To: WSFAlist at keithlynch.net
Date: Sun, 17 Mar 2002 05:21:56 -0500
Subject: [WSFA] Waste of "Time Machine"
From: ronkean at juno.com
Reply-To: WSFA members <WSFAlist at keithlynch.net>

On Sun, 17 Mar 2002 00:52:09 -0500 (EST) "Keith F. Lynch"
<kfl at keithlynch.net> writes:

> I'm aware of five major self-consistent approaches to dealing with
> the
> classic "grandfather paradox" of time travel (i.e. what if you go
> back
> and kill your grandfather before your father was conceived):
>
> * Backward time travel is impossible.  This is the most widely
>   believed both among laymen and scientists, but has the serious
>   flaw that it doesn't lead to interesting time travel stories.

Time travel stories would still be possible, as fantasy, but they would
not qualify as good science fiction, even if they are entertaining.

>
> * Events will somehow conspire to remain consistent.  If you go
> back
>   to the Battle of Gettysburg, you will have been there the first
> time.
>   Heinlein uses this approach in several books.

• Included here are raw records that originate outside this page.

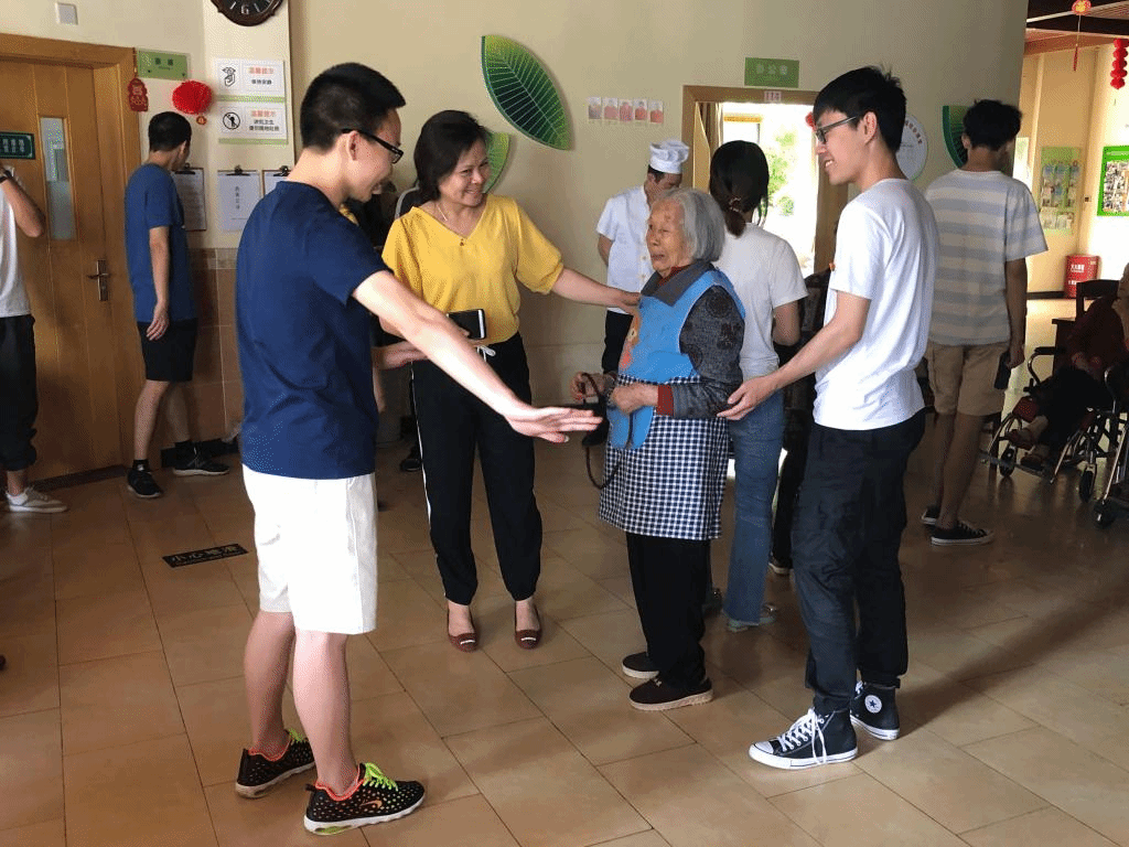 同学们一到敬老院就热情地投入到志愿服务之中,首先帮老人们收拾整理屋子,陪老人聊天说话,布置活动场地,将老人细心搀扶到活动场地。《同心同乐》和《猜词接龙》两个互动小游戏,一下就把老人们的热情给调动了起来。同学们合唱《保卫黄河》、《我和我的祖国》等经典红歌,唤起老人们的红色记忆,教老人们练习金龙拍拍操,在平时都可以简单活动筋骨,强健身体。老人们主动表演才艺《回娘家》,带领支部的志愿者们一起跳舞,同学们和老人一起边跳边唱。最后,大家陪老人们聊起了家常里短的小事,给老人按摩,帮老人整理内务,用服务和倾听陪伴老人们度过愉快的时光,小小的院子里充满着温暖和欢乐
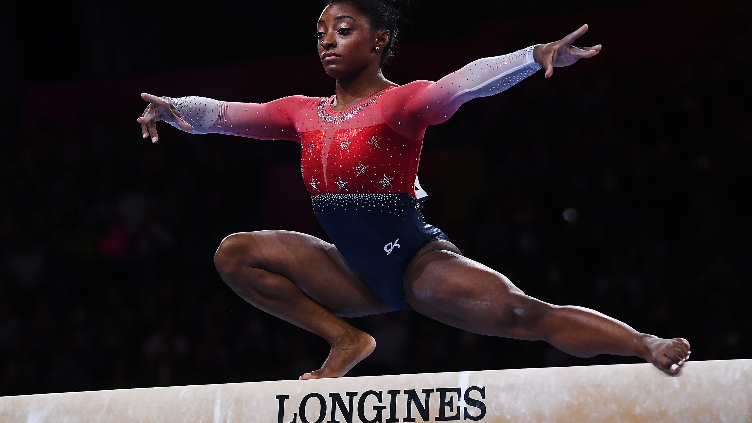 Simone Biles Of The U S In Action 2019 World Artistic Gymnastics Championships Women S Balance Beam Final Hanns Gymnastics Simone Biles Gymnastics World
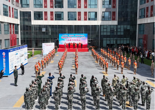 紧接着,英姿飒爽的新兵代表身着崭新戎装,步伐矫健地迈向发言台。他在发言中满怀感恩,代表全体新兵向培育他们的学校和养育他们的家乡致谢,并立下庄重誓言——踏入部队后,必定牢记使命,努力钻研军事技能,用实际行动践行保家卫国的神圣使命,绝不辜负祖国和人民的信任与期望。
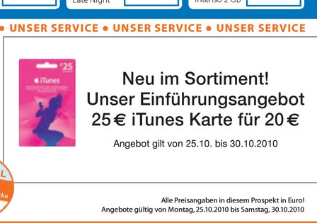 Wie unsere iFun-Kollegen im Müller-Prospekt für die nächste Woche entdeckt haben, gibt es bei der Drogerie-Kette iTunes-Karten im Wert von 25 Euro für 20 Euro. Das wäre immerhin ein Rabatt von 20 Prozent. Müller-Filialen könnt ihr hier finden.
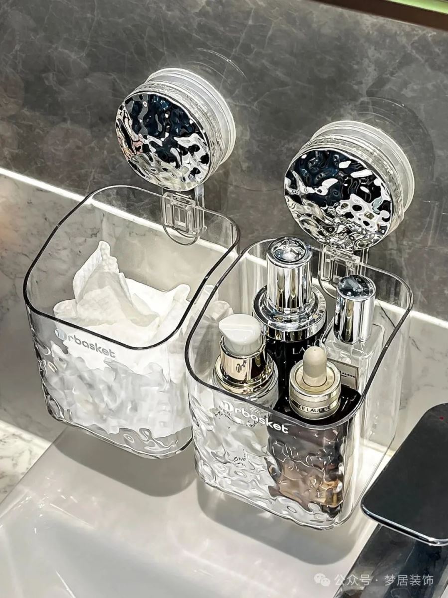 縱向增加收納,利用掛籃將洗面奶、洗手液等一些常用的洗護用品一起存放,也可以避免放在洗手臺上積水漬造成泛黃。
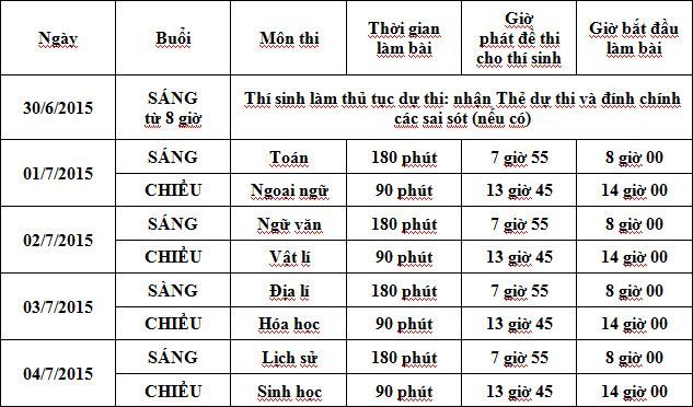 Trước đó, từ 8 giờ sáng 30.6, thí sinh sẽ làm thủ tục dự thi, nhận thẻ dự thi và đính chính các sai sót nếu có.
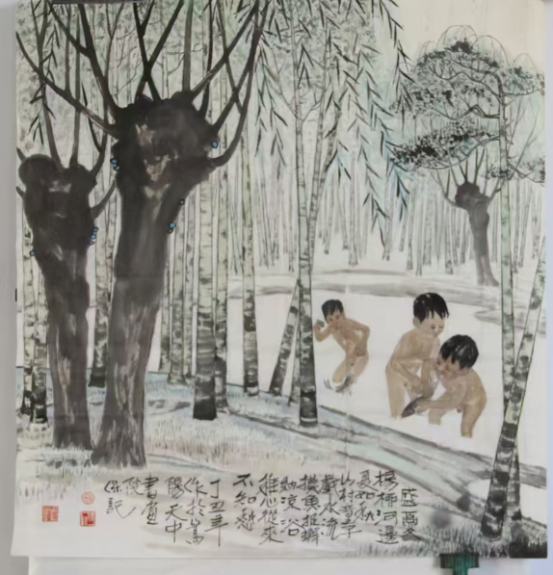 在西安美院,常保记有幸受教于刘文西、冯有石等著名艺术家,老师们的言传身教对其艺术生涯产生深远影响。刘文西作为中国现代人物画大师,“扎根人民、写实传神”的创作理念,与常保记“源于生活、忠于现实”的艺术底色不谋而合。刘文西常带学生深入农村、工厂写生,让学生在生活中寻找创作灵感,这种教学方式让常保记受益匪浅,更坚定了“以现实为创作核心”的方向。在刘文西指导下,他的人物画技法不断精进,学会抓住人物神态特征,用精准线条与恰当色彩表现人物内心世界与精神风貌。冯有石作为花鸟画名家,笔墨功夫深厚、色彩运用独具匠心,常保记从他身上学到花鸟画的笔墨韵味与构图技巧,这些技巧后来融入人物画与动物画创作,让作品更具层次感与艺术感染力。
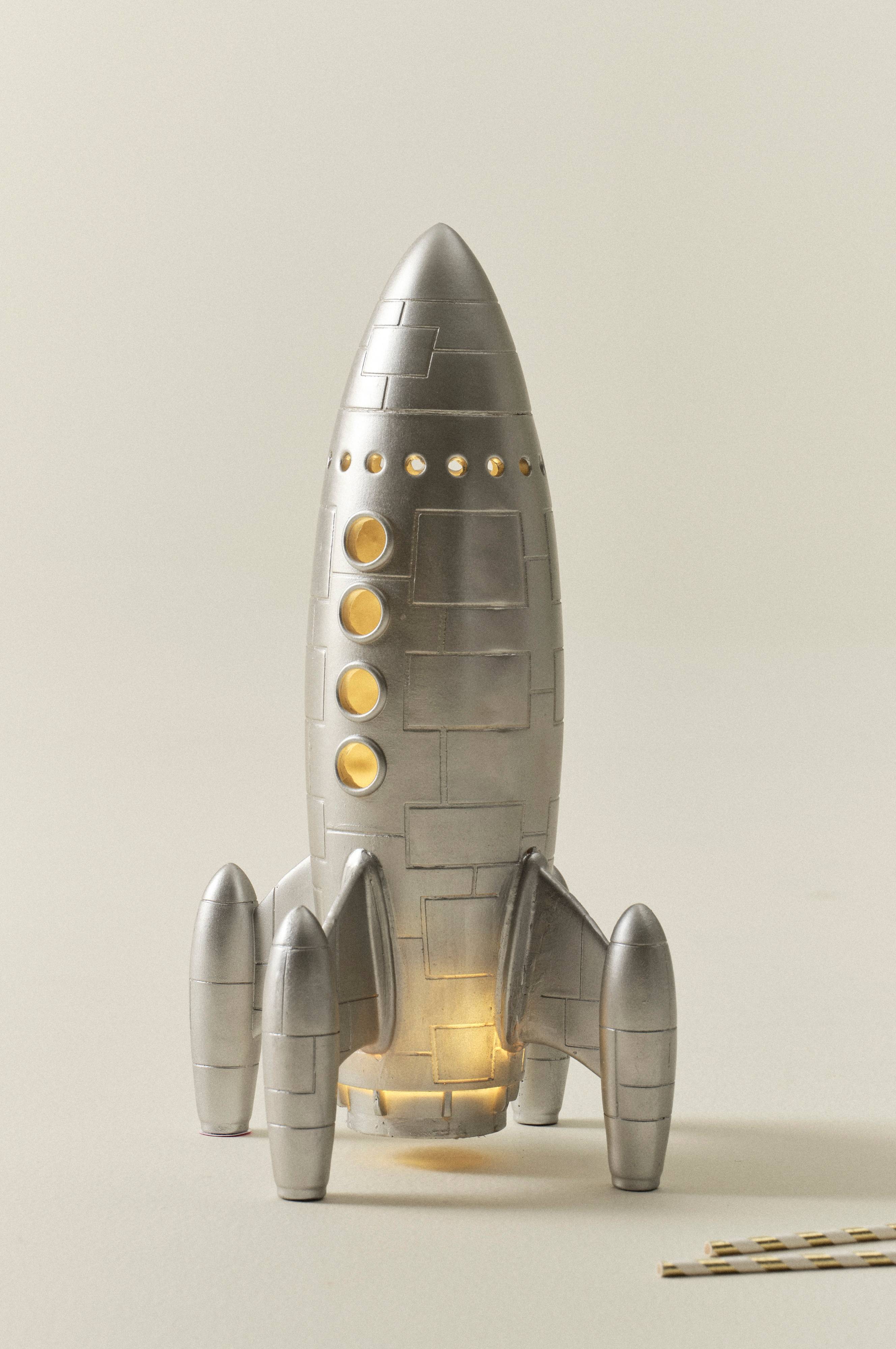 Rumraket af polyresin med LED-belysning. Når raketten lyser ser den dejligt indbydende ud og er en perfekt natlampe. Lille afbryder under raketten.
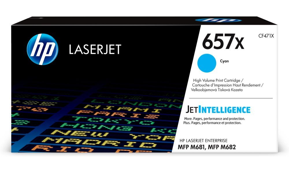 HP 657X (CF471X) azurový ZÁKLADNÍ SPECIFIKACE Pro tiskárny: HP Color LaserJet Enterprise M681dh, M681f, M681z Flow, M682z Flow Barva: azurová Výdrž: 23000 stran
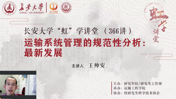 5月10日下午,由研究生院/研究生工作部主办、运输工程学院承办、校研究生科学技术协会协办的“虹”学讲堂第366讲以线上讲座形式举行。香港理工大学王帅安教授作了题为《运输系统管理的规范性分析:最新发展》的报告,bat365相关学院300余名师生聆听讲座。
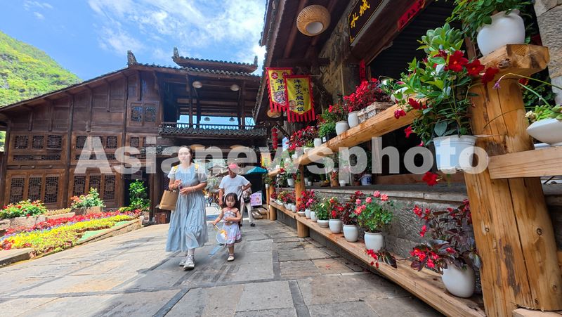 图片说明:5月3日,游客在贵州省黔西南布依族苗族自治州兴义市峰林布依景区游玩。
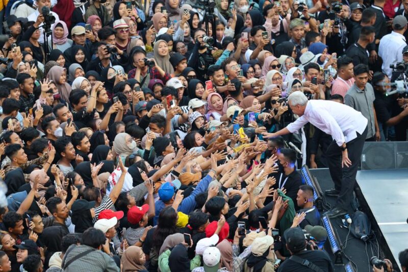 Lebih mengharukan lagi, Ganjar yang mengenakan kemeja putih itu tiba-tiba menuruni tangga panggung bagian depan, demi bisa menyalami ribuan orang warga yang hadir. Di tengah penuh sesak, Ganjar meraih tangan warga satu per satu sambil berjalan ratusan meter di Jalan Pahlawan.
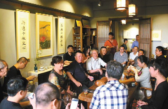 “現(xiàn)代人越來越注重生活美學,這次的展覽很貼近生活,我親眼見證這個書畫展的準備全過程,這些書畫家們既是內(nèi)容撰寫者,又是書畫創(chuàng)作者,還是設計師和裝潢師。他們親自裁剪懸掛,布置調整,茶和書畫文化結合起來,剛好與善濟堂茶禪會館作為大眾服務的生活美學體驗館的理念不謀而合?!鄙茲貌瓒U會館女主人成潔曼告訴記者。
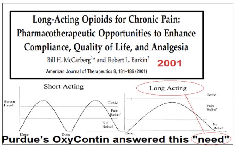 Purdue stood out not because it flooded the market, but because it had developed a “boutique” product (and more importantly in the aftermath, at “boutique” prices)– one crafted in response to the prevailing medical thinking of the time, which emphasized the need for long-acting opioids in managing chronic pain. Studies like 2001’s Long-acting Opioids for Chronic Pain concluded that “long-acting opioids offer distinct advantages over short-acting opioids” by enhancing compliance, quality of life, and stable pain relief.
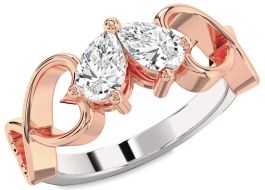 Diamond White Rose Gold Infinity Heart Two Stone Ring
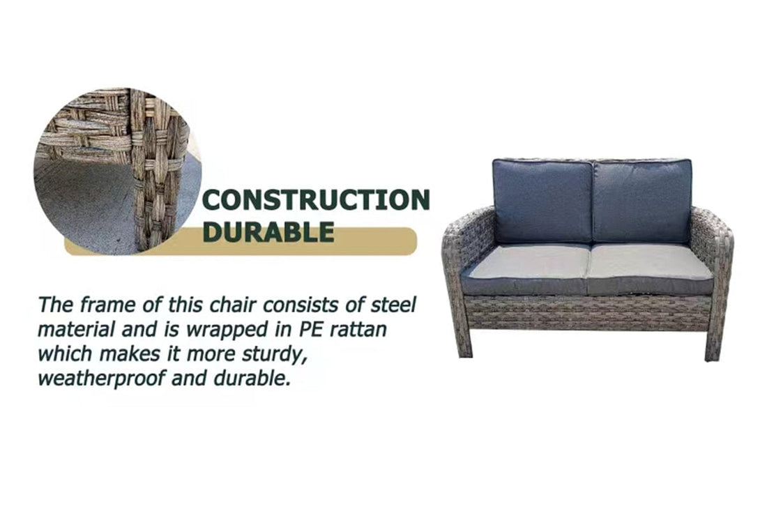 Outdoor Rattan Garden Furniture 6 Seater Sofa Dining Set In Grey
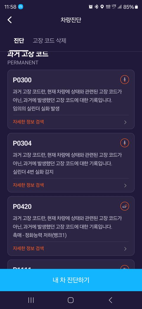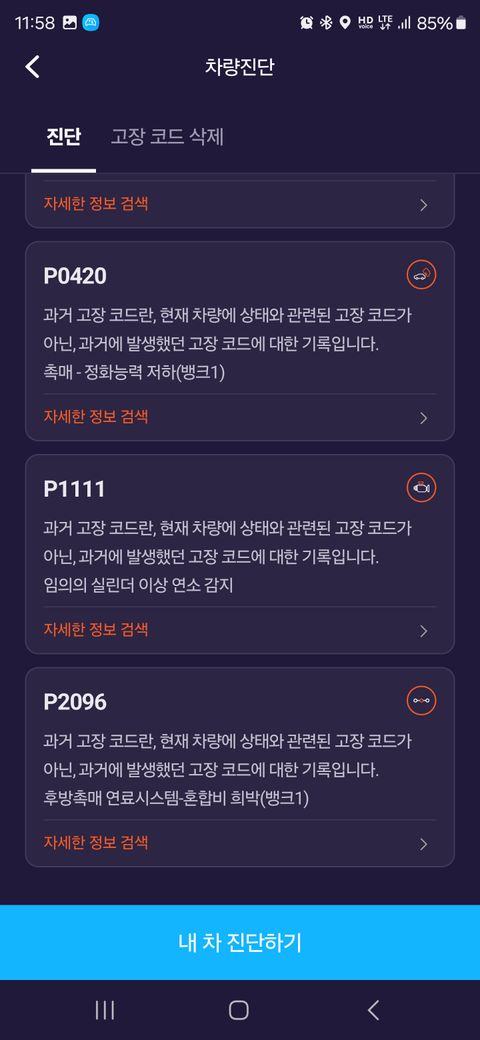 진단결과가 나왔는데 과거고장코드내역에 여러 코드들이 나오는데 삭제 가능할까요?
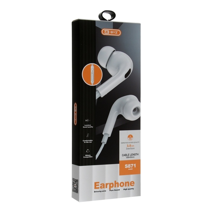 Наушники BYZ S871, проводные, вакуумные, микрофон, 3.5 мм, 1.2 м, белые

But if a time traveler goes back into the past and performs some action
which had not been performed in history, as history existed before the
traveler acted, then at least that one act would be inconsistent with the
original history.  Unless, of course, the time traveler finds it
impossible to act with effect, but can only observe, when 'visiting' the
past.  If events somehow conspire to negate the change which would have
been expected to result from the time traveler's action, then we have the
odd situation wherein some events change, and some do not.  That, in
turn, implies that some events are more 'important' than other events, in
that the 'important' things may not change, while the 'unimportant' ones
may change.  That does not make much sense, given that 'importance' is
not a physical quality, but is rather a psychological quality.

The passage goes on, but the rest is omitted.